» What you should do: Only the text of the records, copied exactly, is wanted; no pictures.

(Stored records)
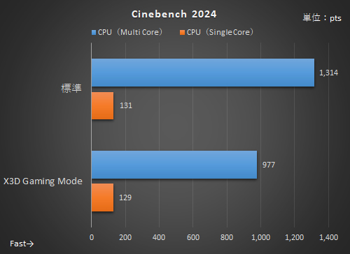 X3D Gaming Modeを有効化すると、8コア8スレッド動作になることが影響してMulti Coreのスコアは落ちてしまう。ゲーム以外のCPUパワーを使う処理を行うときは無効化しておいたほうがよいだろう。では、実際のゲームではどうなのか。
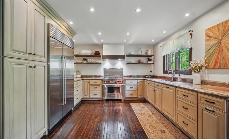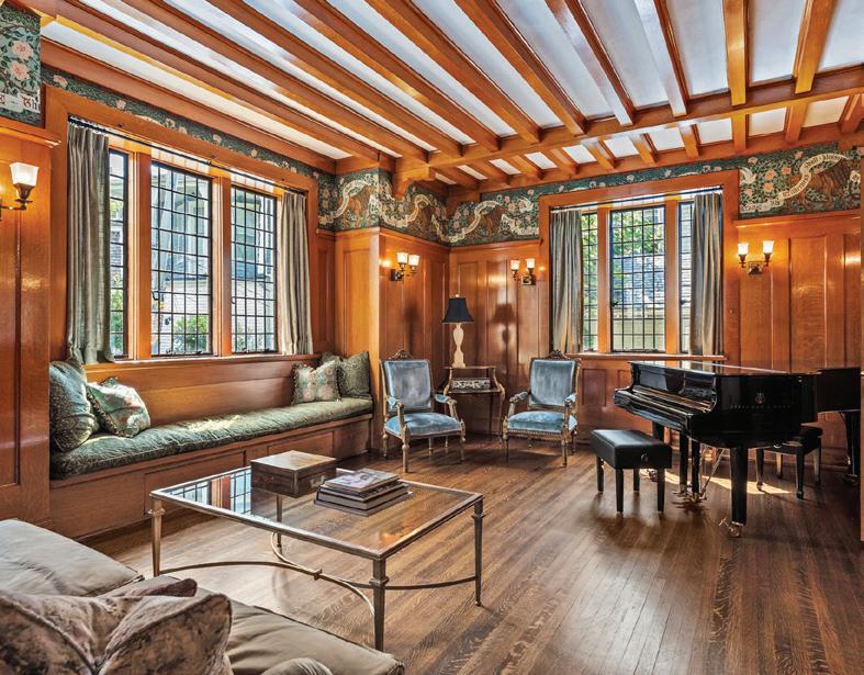 Make your way through the velvet and linen-wrapped dining room and butler’s pantry to a chef’s dream kitchen, complete with a Viking range, Fisher Paykel dish drawer, maple butcher block island, and countless more features. Head to the piano room and enjoy an original hand-painted paper mural and wainscotting.
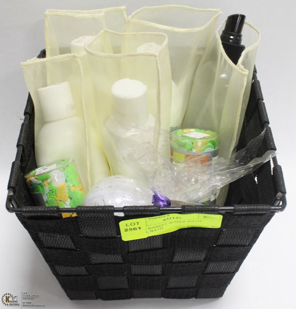 BLACK BASKET W/NEW BATH BALMS, BATH
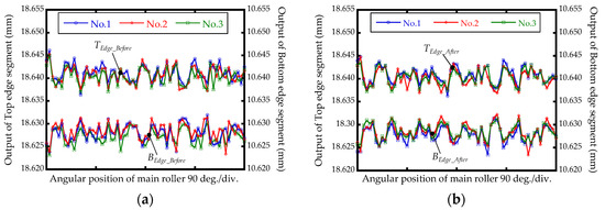 eSpindle(θM) of the concentricity gauge was evaluated based on the proposed measurement method, as shown in Figure 8. The concentricity gauge was driven manually, and the angular position was provided by the scale attached to the drive handle. The measurement sampling interval of eSpindle(θM) was 5.625°. The measurement of eSpindle(θM) was repeated by three revolutions, and the measurement outputs of TEdge and BEdge before and after the reversal operation are shown in Figure 11. Based on Equation (7), the measurement results of eSpindle(θM) were calculated, and are shown in Figure 12. The average PV value of eSpindle(θM) of the repeated measurement result was 7.10 μm, and the measurement repeatability was 2.54 μm. The repeatability error was mainly caused by the rotation accuracy of the concentricity gauge, since the concentricity gauge was driven manually. Also, the non-repeatable rotation errors of the two main rollers were also a factor that induced the repeatability error.
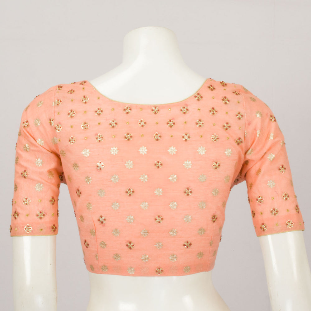 Look beautiful this season with this elegant peach hand-embroidered blouse crafted from silk and cotton blend. It will be your go-to staple for all special occasions.
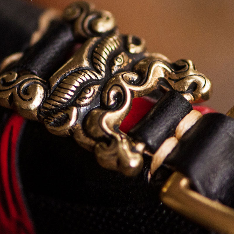 Style: Handmade Leather Tooled Chinese Monster Mens Chain Biker Wallet Cool Leather Wallet Zipper Long Phone Wallets for Men

» Completed exercise:
 X3D Gaming Modeを有効化すると、8コア8スレッド動作になることが影響してMulti Coreのスコアは落ちてしまう。ゲーム以外のCPUパワーを使う処理を行うときは無効化しておいたほうがよいだろう。では、実際のゲームではどうなのか。
 Make your way through the velvet and linen-wrapped dining room and butler’s pantry to a chef’s dream kitchen, complete with a Viking range, Fisher Paykel dish drawer, maple butcher block island, and countless more features. Head to the piano room and enjoy an original hand-painted paper mural and wainscotting.
 BLACK BASKET W/NEW BATH BALMS, BATH
 eSpindle(θM) of the concentricity gauge was evaluated based on the proposed measurement method, as shown in Figure 8. The concentricity gauge was driven manually, and the angular position was provided by the scale attached to the drive handle. The measurement sampling interval of eSpindle(θM) was 5.625°. The measurement of eSpindle(θM) was repeated by three revolutions, and the measurement outputs of TEdge and BEdge before and after the reversal operation are shown in Figure 11. Based on Equation (7), the measurement results of eSpindle(θM) were calculated, and are shown in Figure 12. The average PV value of eSpindle(θM) of the repeated measurement result was 7.10 μm, and the measurement repeatability was 2.54 μm. The repeatability error was mainly caused by the rotation accuracy of the concentricity gauge, since the concentricity gauge was driven manually. Also, the non-repeatable rotation errors of the two main rollers were also a factor that induced the repeatability error.
 Look beautiful this season with this elegant peach hand-embroidered blouse crafted from silk and cotton blend. It will be your go-to staple for all special occasions.
 Style: Handmade Leather Tooled Chinese Monster Mens Chain Biker Wallet Cool Leather Wallet Zipper Long Phone Wallets for Men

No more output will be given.